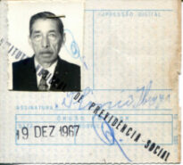 Papel cartão frente e verso branco com fundo padrão azul com as letras I N P S acompanhado de capa plástica. Na frente superior do cartão há escrito em azul “INSTITUTO NACIONAL DE PREVIDÊNCIA SOCIAL” “CARTÃO DE PAGAMENTO DE BENEFÍCIO” ao centro do papel há duas caixas com os itens “ORGÃO LOCAL” e “ESPÉCIE E NB”e datilografado respectivamente “19 – 37” e “ 41 799”, a baixo há o campo “RECEBEDOR” e datilografado “PLINIO IBARRA”. No verso o esquerdo grampeado há uma fotografia sépia 3/4 de uma figura masculina idosa com cabelos escuros, bigode grisalho, terno e gravata. Ao lado da foto há um quadrado com o item “IMPRESSÃO DIGITAL” não preenchido, abaixo há a assinatura de Plinio Ibarra e abaixo há uma tabela “ORGÃO EMISSOR” com dois itens “DATA E RUBRICA” carimbado com “19 DEZ 1967” e uma rubrica ilegível. Há um carimbo “INSTITUTO NACIONAL DE PREVIDÊNCIA SOCIAL” que passa diagonalmente sobre a parte inferior da fotografia e o papel. O papel apresenta sujidades junto ao lado esquerdo onde ficava para fora da capa plástica, mas não apresenta rasgos, furos ou perdas.
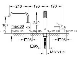 - Излив для ванны с автоматическим переключателем: ванна/душ
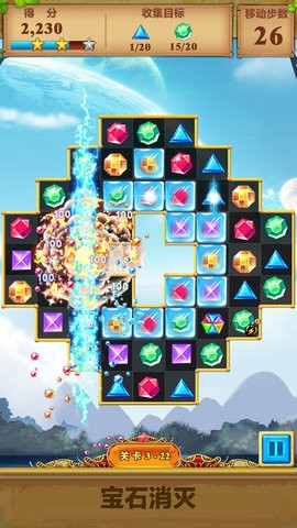 宝石消灭这款玩法十分经典的消消乐小游戏,画面设计非常的精美,五颜六色的宝石组合的游戏画面,非常的华丽,让玩家拥有全新的视觉体验,经典的三消原则,每个玩家都可以轻松的上手挑战,各种道具自由解锁使用,释放的消除技能非常的华丽,还有欢乐的游戏音效,让大家拥有最佳的视听盛宴!
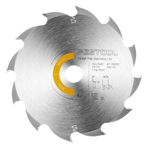 Festool 12-Tooth Panther Wood Rip Cut Saw Blade For TSC 55 K Track Saw 205559
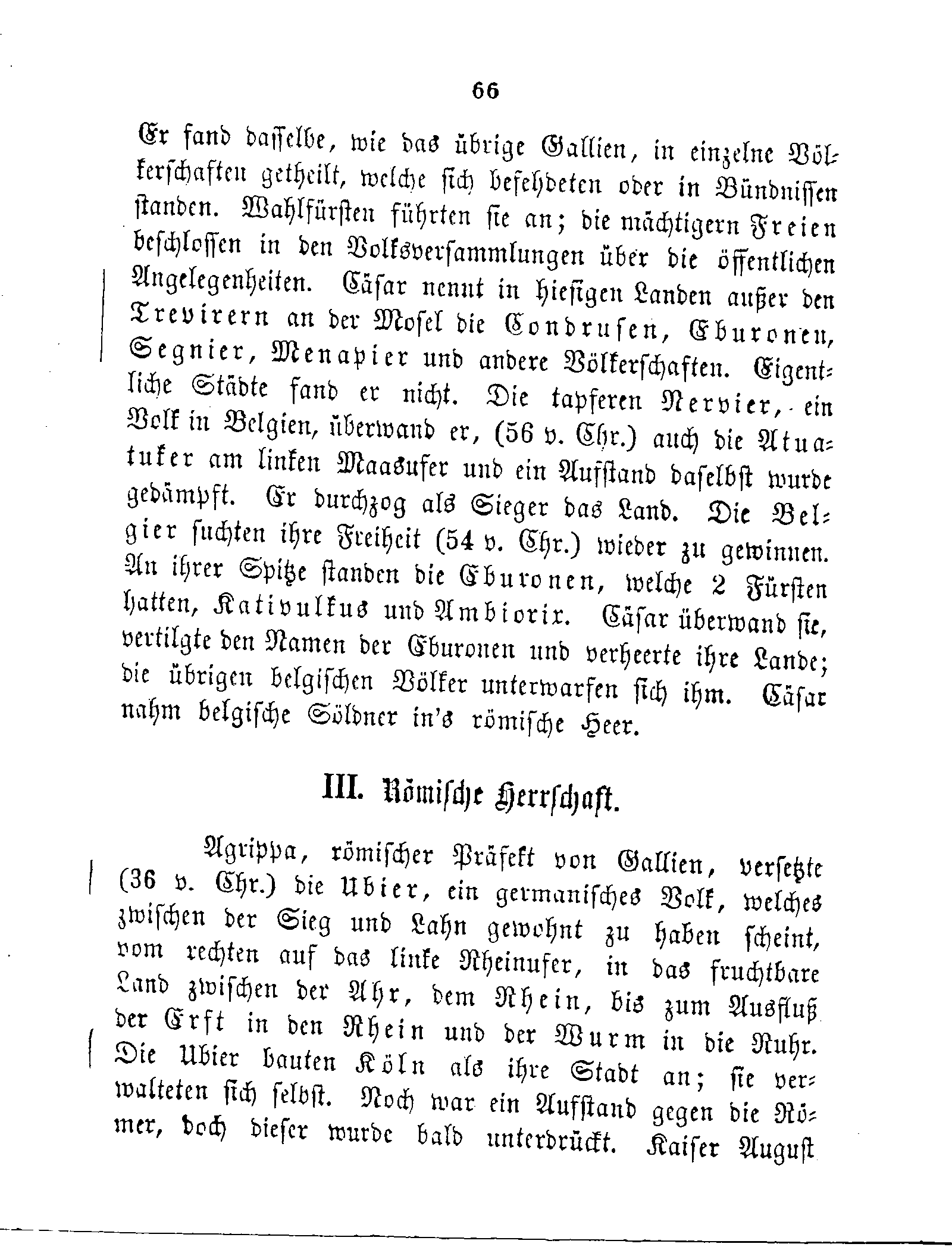 Er fand dasselbe, wie das übrige Gallien, in einzelne Völkerschaften getheitl, welche sich befehdeten oder in Bündnissen standen. Wahlfürsten führten sie an; die mächtigern Freien beschlossen in den Volksversammlungen über die öffentlichen Angelegenheiten. Cäsar nennt in hiesigen Landen außer den Trevirern an der Mosel die Condrusen, Eburonen, Segnier, Menapier und andere Völkerschaften. Eigentliche Städte fand er nicht. Die tapferen Nervier, ein Volk in Belgien, überwand er, (56 v. Chr.) auch die Atuatuker am linken Maasufer und ein Aufstand daselbst wurde gedämpft. Er durchzog als Sieger das Land. Die Belgier suchten ihre Freiheit (54 v. Chr.) wieder zu gewinnen. An ihrer Spitze standen die Eburonen, welche 2 Fürsten hatten, Kativulkus und Ambiorix. Cäsar überwand sie, vertilgte den Namen der Eburonen und verheerte ihre Lande; die übrigen belgischen Völker unterwarfen sich ihm. Cäsar nahm belgische Söldner in's römische Heer.
----------------
#### [What is required]
The whole listing should be reproduced exactly. Images don't go in.

#### [The answer]
 Papel cartão frente e verso branco com fundo padrão azul com as letras I N P S acompanhado de capa plástica. Na frente superior do cartão há escrito em azul “INSTITUTO NACIONAL DE PREVIDÊNCIA SOCIAL” “CARTÃO DE PAGAMENTO DE BENEFÍCIO” ao centro do papel há duas caixas com os itens “ORGÃO LOCAL” e “ESPÉCIE E NB”e datilografado respectivamente “19 – 37” e “ 41 799”, a baixo há o campo “RECEBEDOR” e datilografado “PLINIO IBARRA”. No verso o esquerdo grampeado há uma fotografia sépia 3/4 de uma figura masculina idosa com cabelos escuros, bigode grisalho, terno e gravata. Ao lado da foto há um quadrado com o item “IMPRESSÃO DIGITAL” não preenchido, abaixo há a assinatura de Plinio Ibarra e abaixo há uma tabela “ORGÃO EMISSOR” com dois itens “DATA E RUBRICA” carimbado com “19 DEZ 1967” e uma rubrica ilegível. Há um carimbo “INSTITUTO NACIONAL DE PREVIDÊNCIA SOCIAL” que passa diagonalmente sobre a parte inferior da fotografia e o papel. O papel apresenta sujidades junto ao lado esquerdo onde ficava para fora da capa plástica, mas não apresenta rasgos, furos ou perdas.
 - Излив для ванны с автоматическим переключателем: ванна/душ
 宝石消灭这款玩法十分经典的消消乐小游戏,画面设计非常的精美,五颜六色的宝石组合的游戏画面,非常的华丽,让玩家拥有全新的视觉体验,经典的三消原则,每个玩家都可以轻松的上手挑战,各种道具自由解锁使用,释放的消除技能非常的华丽,还有欢乐的游戏音效,让大家拥有最佳的视听盛宴!
 Festool 12-Tooth Panther Wood Rip Cut Saw Blade For TSC 55 K Track Saw 205559
 Er fand dasselbe, wie das übrige Gallien, in einzelne Völkerschaften getheitl, welche sich befehdeten oder in Bündnissen standen. Wahlfürsten führten sie an; die mächtigern Freien beschlossen in den Volksversammlungen über die öffentlichen Angelegenheiten. Cäsar nennt in hiesigen Landen außer den Trevirern an der Mosel die Condrusen, Eburonen, Segnier, Menapier und andere Völkerschaften. Eigentliche Städte fand er nicht. Die tapferen Nervier, ein Volk in Belgien, überwand er, (56 v. Chr.) auch die Atuatuker am linken Maasufer und ein Aufstand daselbst wurde gedämpft. Er durchzog als Sieger das Land. Die Belgier suchten ihre Freiheit (54 v. Chr.) wieder zu gewinnen. An ihrer Spitze standen die Eburonen, welche 2 Fürsten hatten, Kativulkus und Ambiorix. Cäsar überwand sie, vertilgte den Namen der Eburonen und verheerte ihre Lande; die übrigen belgischen Völker unterwarfen sich ihm. Cäsar nahm belgische Söldner in's römische Heer.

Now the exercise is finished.